Notices. All notices under this Agreement shall be in English and shall be in writing and given by email, registered mail, courier, cable or telex and shall be addressed to the parties at the address/or number as a party may specify in accordance with this Section from time to time. Notice will be deemed given when received.
8.4.
Force Majeure. Neither party shall be liable for any default or delay in the performance of any obligation under this Agreement (other than a monetary obligation) to the extent that such failure or delay arises out of any causes beyond the reasonable control of that party and without default or negligence of such party.
8.5.
Validity. The illegality or enforceability of any provision of this Agreement shall not affect the validity and enforceability of any other provision of this Agreement. Each term, condition, and provision of this Agreement shall be valid and enforced to the fullest extent permitted by law.

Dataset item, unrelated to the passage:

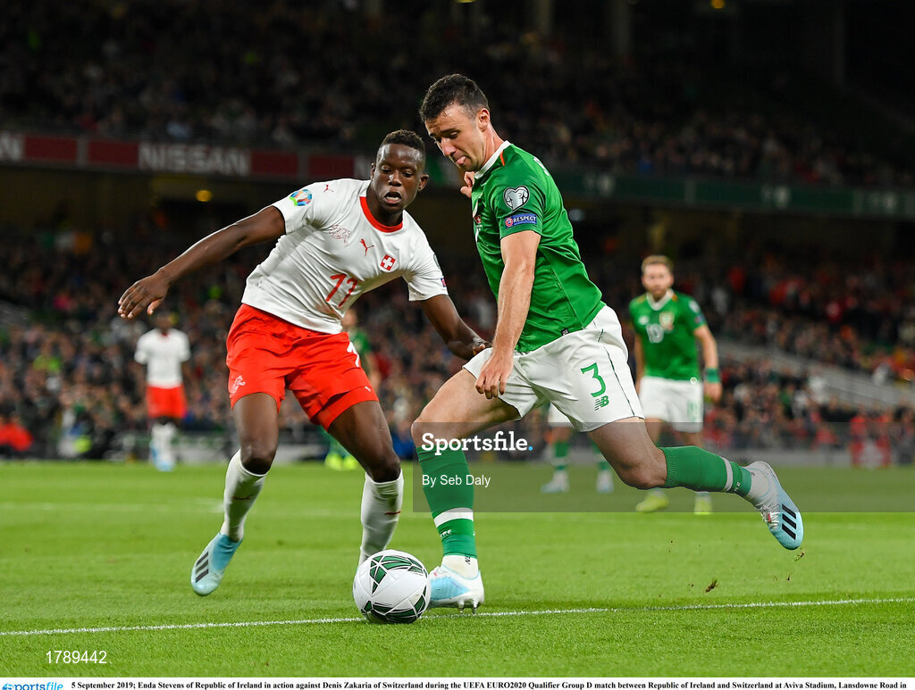 5 September 2019; Enda Stevens of Republic of Ireland in action against Denis Zakaria of Switzerland during the UEFA EURO2020 Qualifier Group D match between Republic of Ireland and Switzerland at Aviva Stadium, Lansdowne Road in Dublin. Photo by Seb Daly/Sportsfile
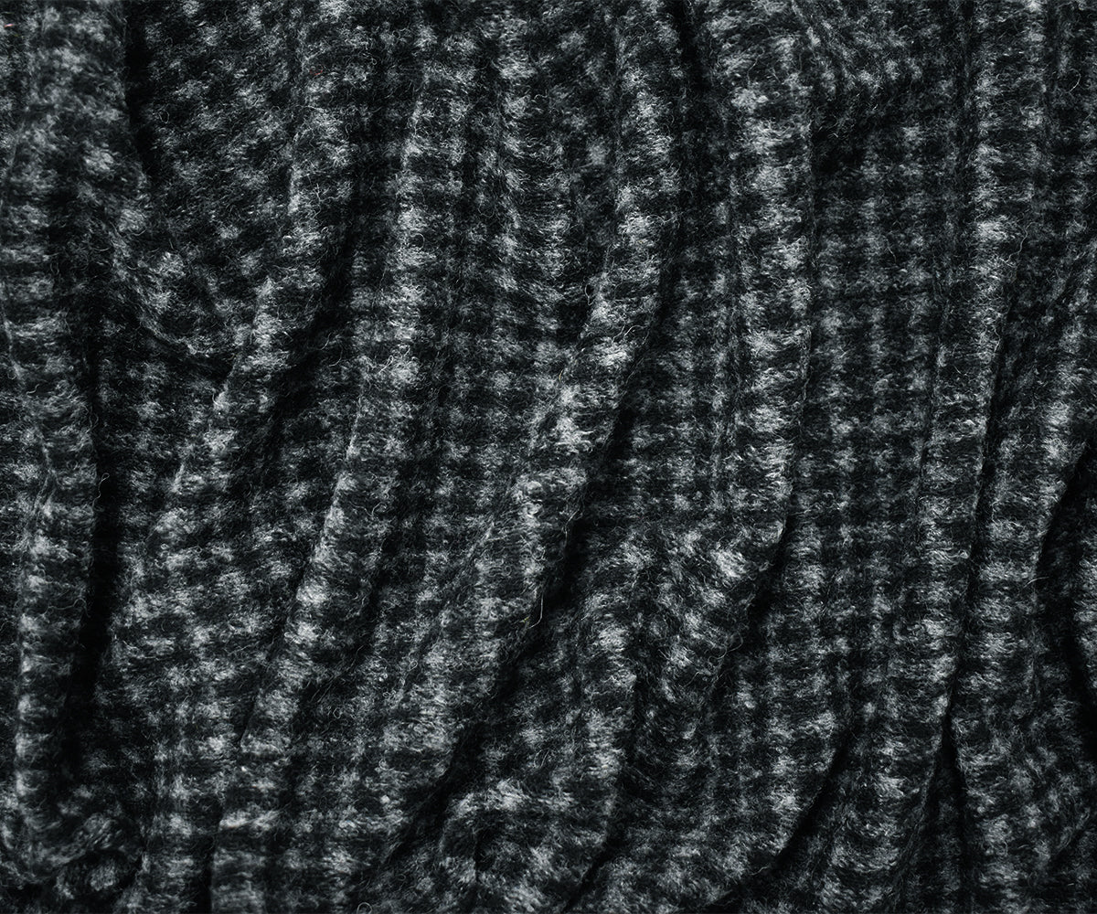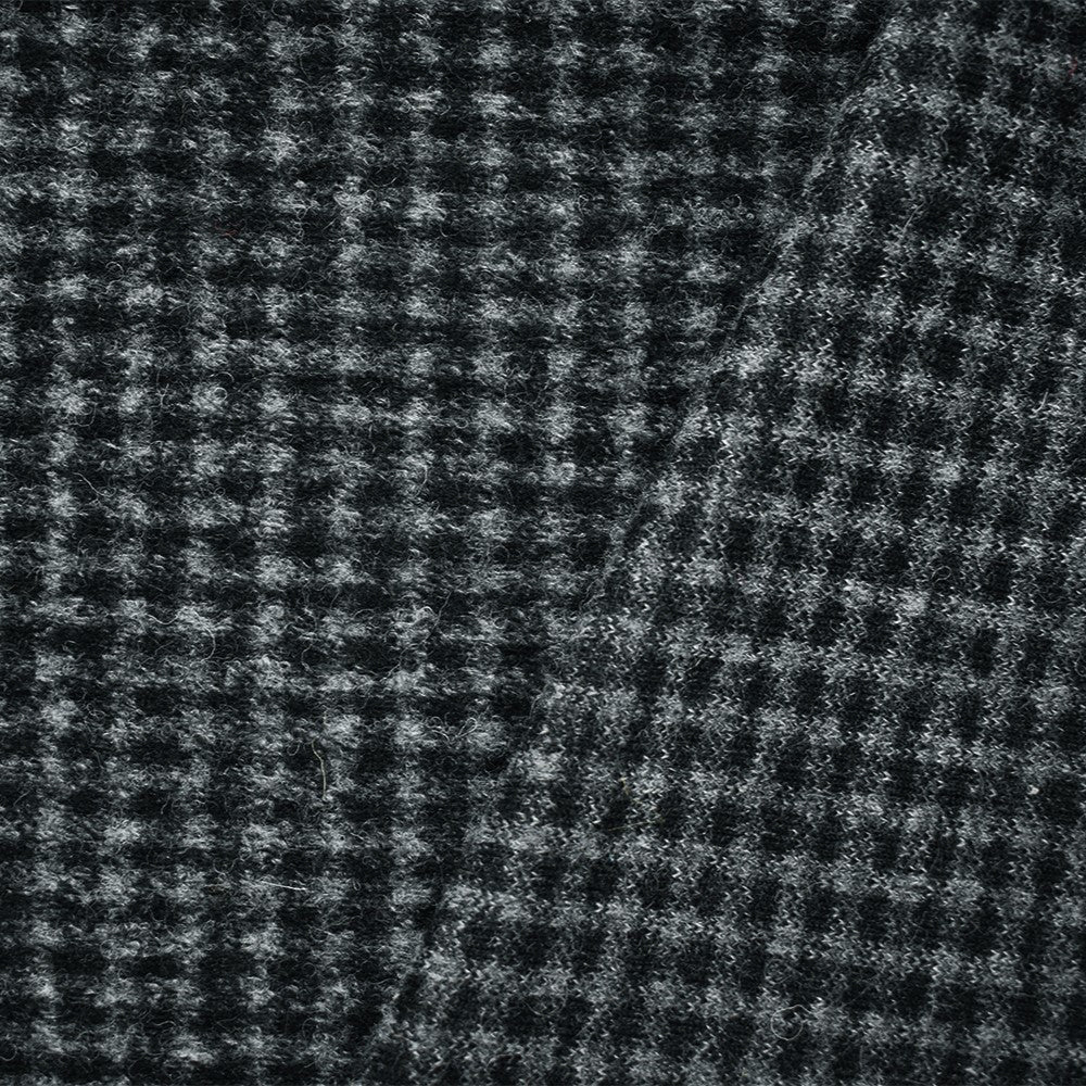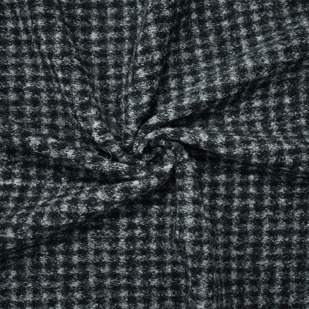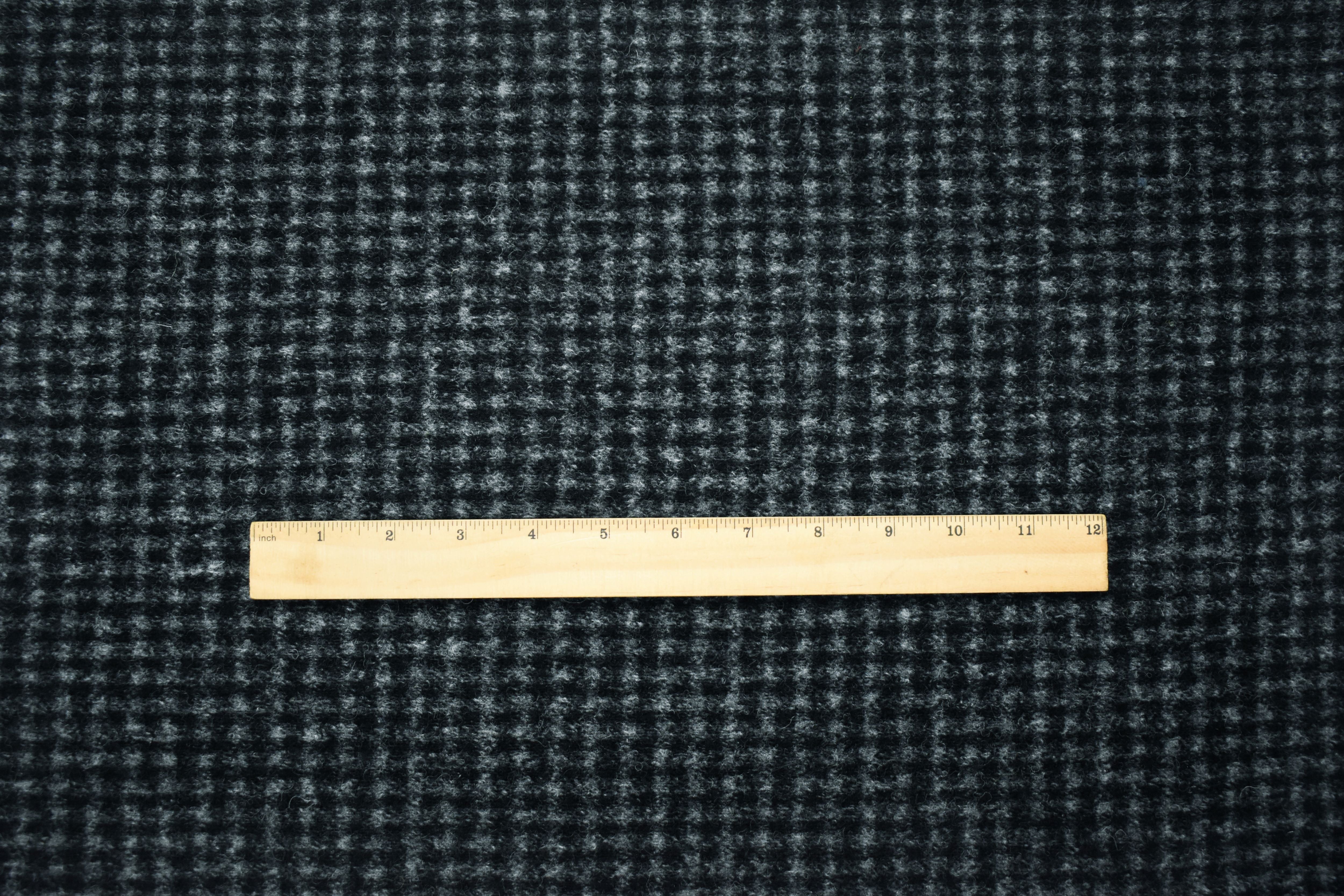 Black-Gray Italian Boiled Wool-Poly Gingham Knit Coating Fabric

If there is any conflict between any term, condition, or provision of this Agreement and any statute, law, ordinance, order, rule, or regulation, the latter shall prevail; provided, that any such conflicting term, condition, or provision shall be curtailed and limited only to the extent necessary to bring it within the legal requirements and the remainder of this Agreement shall not be affected or impaired thereby.
8.6.
Governing Law. This Agreement shall be construed, enforced and performed in accordance with the laws of the State of Delaware, U.S., without reference to the principles of conflicts of laws. The parties exclude the application of the United Nations Convention on contracts for the international sales of goods to the extent that is would otherwise apply.
8.7.
Waiver. No delay or other act or omission of RevenueRoll shall act as a waiver of any of its rights under this Agreement other than a waiver given in writing and signed by a director of RevenueRoll.
8.8.
Limitation on Actions. RevenueRoll shall in no circumstances be liable in any way whatsoever unless a claim has been filed within twelve (12) months of the alleged breach or event giving rise to the claim.
8.9.
Costs. Each party shall be responsible for its own costs in relation to the negotiation and (unless expressly provided otherwise) the performance of its duties under this Agreement.
8.10.
Publicity. Partner agrees that any publicity or advertising which shall be released by it in which RevenueRoll is identified in connection with the Services and the Platform shall be subject to RevenueRoll’s prior approval and shall be in accordance with the terms of this Agreement, and with any information or data which RevenueRoll has furnished in connection with this Agreement. Copies of all such publicity and advertising shall be forwarded promptly to RevenueRoll.